In several embodiments, it may be desirable to have a dispenser
1210 with a detachable lower portion 1213b, as shown in FIG. 55. In
some embodiments, the lower portion 1213b comprises a reservoir
1216 configured to receive liquid soap L. In these embodiments, the
user is able to replace the lower portion 1213b when the soap is
exhausted. In certain scenarios, it may be desirable to position
the reservoir 1216 in a lower portion of the dispenser 1210, so the
reservoir 1216 is easier to access and replace.
In some embodiments, the lower portion 1213b includes a power
source. In some embodiments, the power source can be disposable. In
some embodiments, the power source comprises one or more batteries.

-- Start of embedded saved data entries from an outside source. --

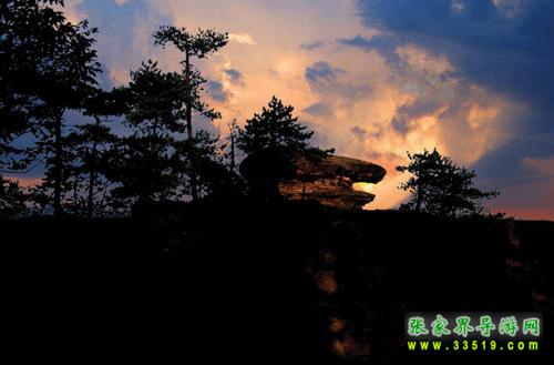 從黃石寨頂西邊下山時(shí),后卡門(mén)邊一頂部呈平展臺(tái)面的石峰上,一只長(zhǎng)約5米的石龜頭部向前,作爬行狀。晴天,龜巖呈金黃色,故稱金龜。氣候的變化又可使其呈現(xiàn)各種不同顏色和形狀,故它又有“霧海金龜”、“金龜探海”、“落日金龜”等幾個(gè)別名。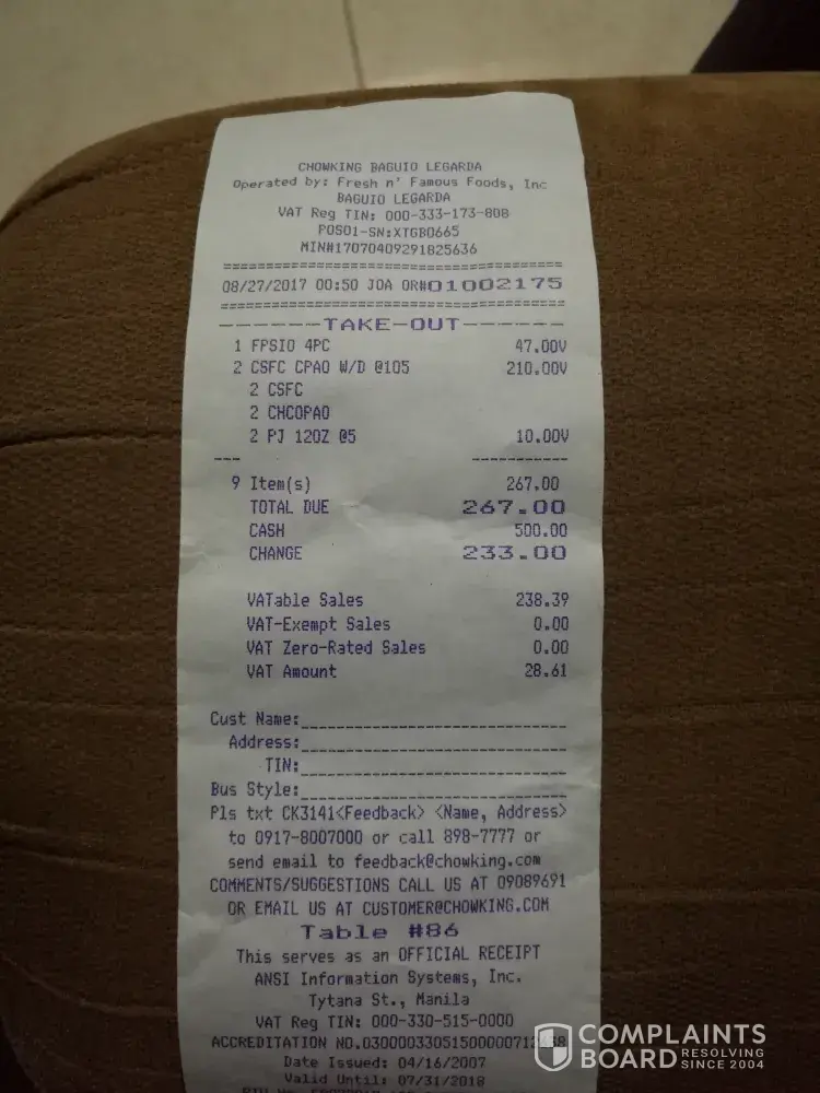 CK3141 Hi! I just ordered 4 pcs of pork siomai AWHILE AGO but i didn't get this order and I just arrived home now. Can you do something about this please? Thank you. Looking forward for your response. Asap. Raizza Cunanan of #34 Pucay Village Marcos Hiway Baguio City and oh by the way, the lady who's assigned in the counter named JOA based on the receipt is a bit irate and displeasing. and i find it annoying as a customer. The OR # is [protected], TABLE #86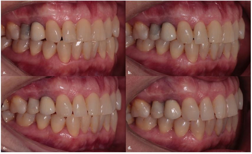 Paciente de sexo femenino de 47 años que acudió a la consulta por presentar discromía en la pieza 15 desde hace un año. En el examen clínico intraoral, se observó que dicha pieza presentaba una incrustación de resina en buen estado y discromía (figura 1a). En el examen radiográfico, se observó un material radiopaco coronal y obturación de conducto. Según la evaluación clínica y radiográfica, se diagnosticó como tratamiento de conducto previo. Debido a que presentaba una restauración amplia en buen estado y por la negativa de la paciente a realizarse cualquier tratamiento de operatoria dental, se optó por utilizar BE con la técnica mixta. Se registró el color del diente en 5M1 con la guía Vita 3D Master (Vita 3D Master, VITA Zahnfabrik, Bad Säckingen, Alemania). Se realizaron dos aplicaciones de peróxido de hidrógeno al 35 % (Whiteness HP Maxx, FGM Dental Products, Joinville, SC, Brasil) en la superficie vestibular durante quince minutos cada una, dando como resultado un aumento en el valor de la pieza (figura 1b). Asimismo, se confeccionó una cubeta de acetato para el blanqueamiento domiciliario con peróxido de carbamida al 22 % (Whiteness Perfect, FGM Dental Products, Joinville, SC, Brasil), el cual fue utilizado por la paciente por dos semanas y se obtuvo un resultado de tono 3M2. La paciente continuó con el blanqueamiento domiciliario durante dos semanas más y registró el mismo resultado en el tono (figura 1c). Se le realizó un control clínico luego de seis meses, en el cual se observó que el color de la pieza se mantenía en el mismo tono, sin ninguna regresión ni sintomatología (figura 1d).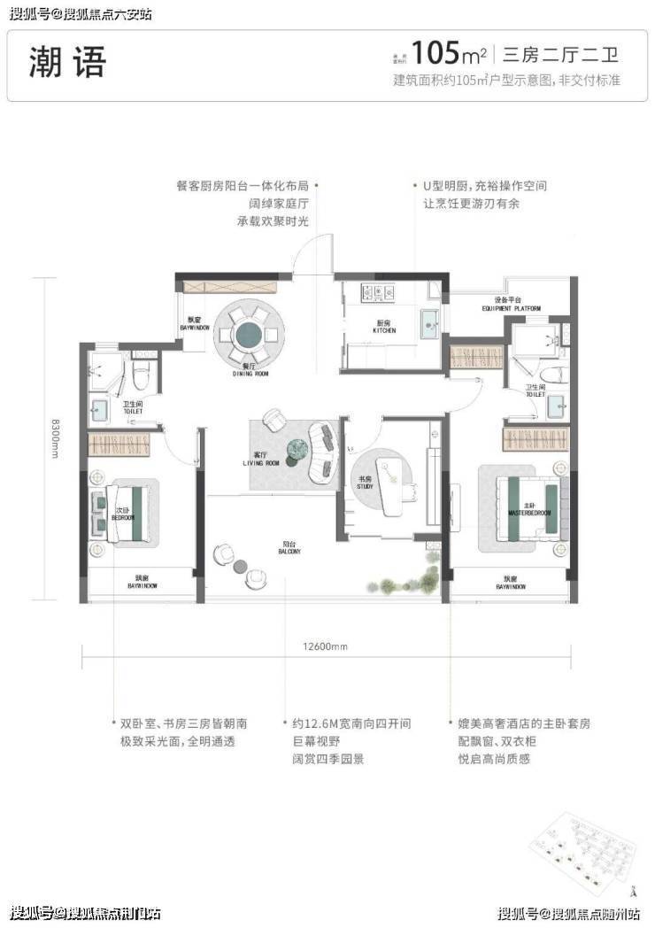 建筑面积约105㎡实现四开间朝南,约12.6米南向面宽,主次卧类双套房设计,颠覆市场对空间尺度的想象边界。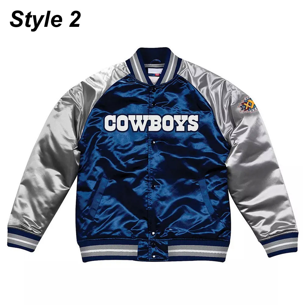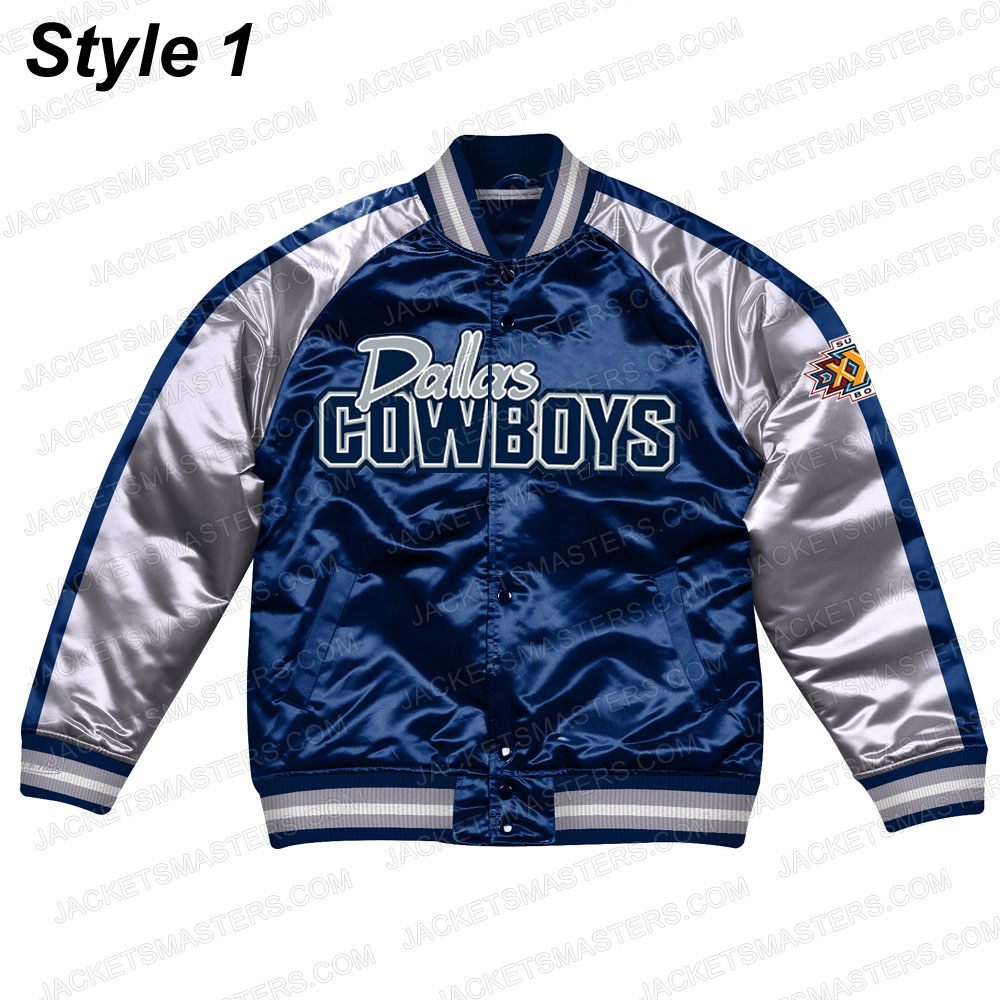 Navy Blue/Silver Dallas Cowboys Varsity Satin Jacket

In certain variants, the batteries are charged by, an electrical
connection to a domestic power supply, such as a standard wall
outlet. The power source can include electrical contacts that
engage with the upper portion 1213a to complete a circuit and
provide electrical power to the dispenser 1210. In some
embodiments, the dispenser 1210 can be de-powered when the upper
and lower portions 1213 a, 1213b are disengaged.

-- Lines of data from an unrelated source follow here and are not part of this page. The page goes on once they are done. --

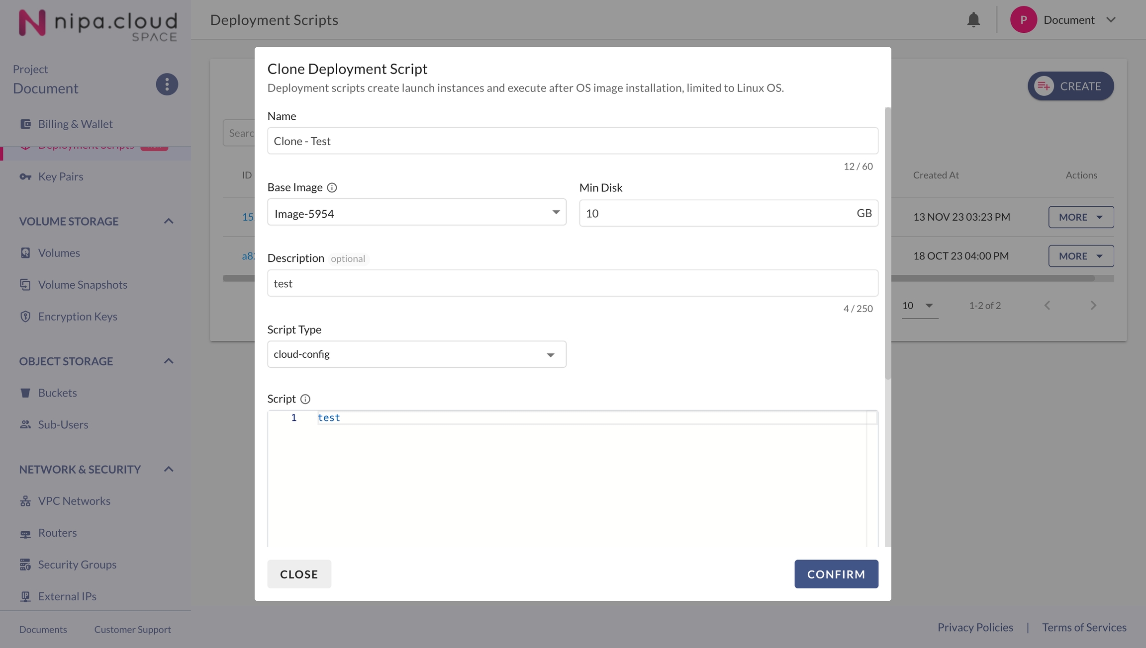 Carefully review all the details you have entered, then click the 'CONFIRM' button to create the deployment script. The newly created script will appear in the deployment script list and as a source option on the launch instance page.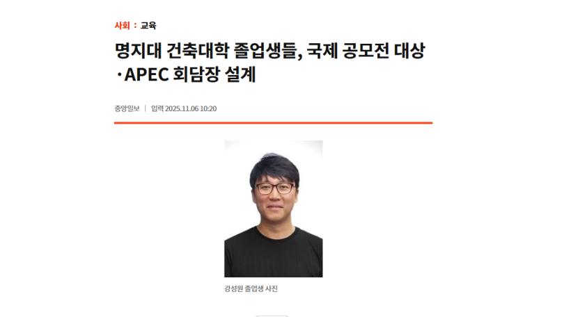 명지대 건축대학 졸업생들, 국제 공모전 대상·APEC 회담장 설계 소식 중앙일보 기사입니다.
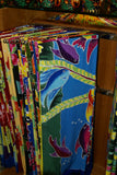 Sexy Skirt, Quick Bathing Suit Cover-up or Beach mat, Shawl, Scarf, Tropical cheerful Wrap, Belt, Toga Dress, Pool Party Wear, Tablecloth, Curtains or drapes, Turban, Wall Art (we have hand carved hanging rods to hang it from), Throw cover for chairs or couches, also as a gorgeous unique colorful Fabric to make one of a kind clothes or pillows with.

In several embodiments, the lower portion 1213b can be configured
to engage with the upper portion 1213a. The upper portion 1213a and
lower portion 1213b can include engagement features configured to
maintain the lower portion 1213b in engagement the upper portion
1213a. For example, one or both of the upper and lower portions can
include mating tabs and slots, ball detents, or otherwise. As
illustrated, the outer shape and contours of the lower portion
1213b can generally correspond to the outer shape and controls of
the upper portion 1213a.
FIGS. 51-54 illustrate an embodiment of the pump 1218. In several
embodiments, the pump 1218 can be a gear pump and can comprise a
pair of gears 1270 and a pump body 1272. In some embodiments, other
type of pumps can be used, such as diaphragm pumps, centrifugal
pumps, etc. In some embodiments, the pump 1218 can include an inlet
and an outlet. The inlet can connect to a conduit 1226b for
receiving liquid soap L from the reservoir 1216. The outlet can
connect to a conduit 1226a for delivering liquid soap L to the
nozzle 1228d. In some embodiments, as shown in FIGS. 49-50, liquid
soap L is encouraged out of the pump 1218 in generally a vertical
pathway from the conduit 1226a. In some embodiments, the soap
dispenser 1210 can be taller than it is wide (e.g., front to back),
thus horizontal space may be more at a premium than vertical space.

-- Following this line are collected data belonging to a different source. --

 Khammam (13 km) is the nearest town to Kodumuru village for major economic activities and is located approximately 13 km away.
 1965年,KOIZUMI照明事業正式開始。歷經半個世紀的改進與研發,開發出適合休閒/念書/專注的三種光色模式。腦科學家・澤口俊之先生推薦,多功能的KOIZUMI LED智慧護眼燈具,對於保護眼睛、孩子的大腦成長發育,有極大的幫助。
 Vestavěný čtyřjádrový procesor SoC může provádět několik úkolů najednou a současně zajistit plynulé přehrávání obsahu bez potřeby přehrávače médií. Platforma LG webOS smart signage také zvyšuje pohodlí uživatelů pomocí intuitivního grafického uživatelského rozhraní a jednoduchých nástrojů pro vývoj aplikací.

Accordingly, in certain variants, arranging the liquid soap to exit
via a connector 1271 that extends generally vertical can provide a
more efficient use of space compared to embodiments having a
connector that extends generally horizontally. In some embodiments,
the generally vertically extending connector 1271 may be desirable
to help decrease the size of the soap dispenser 1220.
In several embodiments, when the upper portion 1213a is engaged
with the lower portion 1213b, conduit 1226b extends into the liquid
soap L in reservoir 1216. The conduit 1226b can be configured such
that an end of the conduit 1226b is positioned at or near the
bottom of the lower portion 1213b when the upper and lower portions
are coupled together. In this configuration, the pump 1218 can be
disposed generally above the liquid soap L. The pump 1218 drives
liquid soap L from the reservoir, through the pump 1218, and out of
the nozzle 1228.
With reference to FIG. 55, another embodiment is illustrated with a
removable fluid-containing cartridge. As with other embodiments
disclosed herein, the features, structures, steps, and/or processes
of the embodiments of FIG. 55 and related disclosure can be used in
addition to or instead of those in other embodiments, such as the
embodiment shown in FIG. 38. Some dispensers include a pump unit
1001 and a removable cartridge 1002. In some embodiments, the
cartridge can be configured to be disposable, such as after a
single use or after the use of a certain volume of soap.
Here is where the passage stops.